■ **Data excerpt**
==================================================
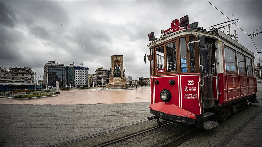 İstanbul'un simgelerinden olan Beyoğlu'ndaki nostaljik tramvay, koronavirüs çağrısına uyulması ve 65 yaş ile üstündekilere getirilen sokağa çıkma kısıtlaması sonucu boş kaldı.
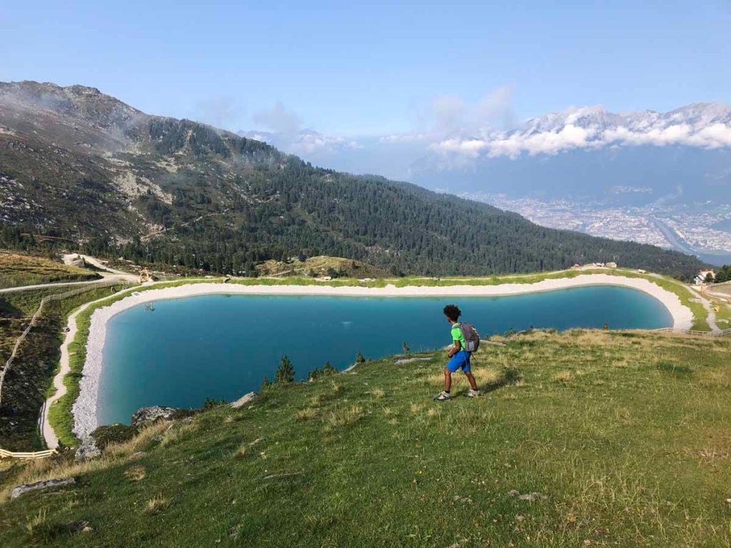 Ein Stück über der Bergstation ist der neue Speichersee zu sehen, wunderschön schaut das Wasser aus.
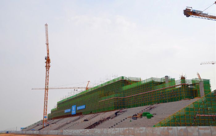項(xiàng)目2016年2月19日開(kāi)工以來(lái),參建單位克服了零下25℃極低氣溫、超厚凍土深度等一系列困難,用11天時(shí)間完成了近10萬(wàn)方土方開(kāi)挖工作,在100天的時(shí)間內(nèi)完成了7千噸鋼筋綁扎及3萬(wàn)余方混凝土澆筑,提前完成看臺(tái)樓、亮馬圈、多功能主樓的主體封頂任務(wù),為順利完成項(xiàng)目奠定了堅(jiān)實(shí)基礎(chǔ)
==================================================
■ **Your goal**
Every line of the data should be transcribed exactly. Omit the images.

■ **Finished task**
 İstanbul'un simgelerinden olan Beyoğlu'ndaki nostaljik tramvay, koronavirüs çağrısına uyulması ve 65 yaş ile üstündekilere getirilen sokağa çıkma kısıtlaması sonucu boş kaldı.
 Ein Stück über der Bergstation ist der neue Speichersee zu sehen, wunderschön schaut das Wasser aus.
項(xiàng)目2016年2月19日開(kāi)工以來(lái),參建單位克服了零下25℃極低氣溫、超厚凍土深度等一系列困難,用11天時(shí)間完成了近10萬(wàn)方土方開(kāi)挖工作,在100天的時(shí)間內(nèi)完成了7千噸鋼筋綁扎及3萬(wàn)余方混凝土澆筑,提前完成看臺(tái)樓、亮馬圈、多功能主樓的主體封頂任務(wù),為順利完成項(xiàng)目奠定了堅(jiān)實(shí)基礎(chǔ)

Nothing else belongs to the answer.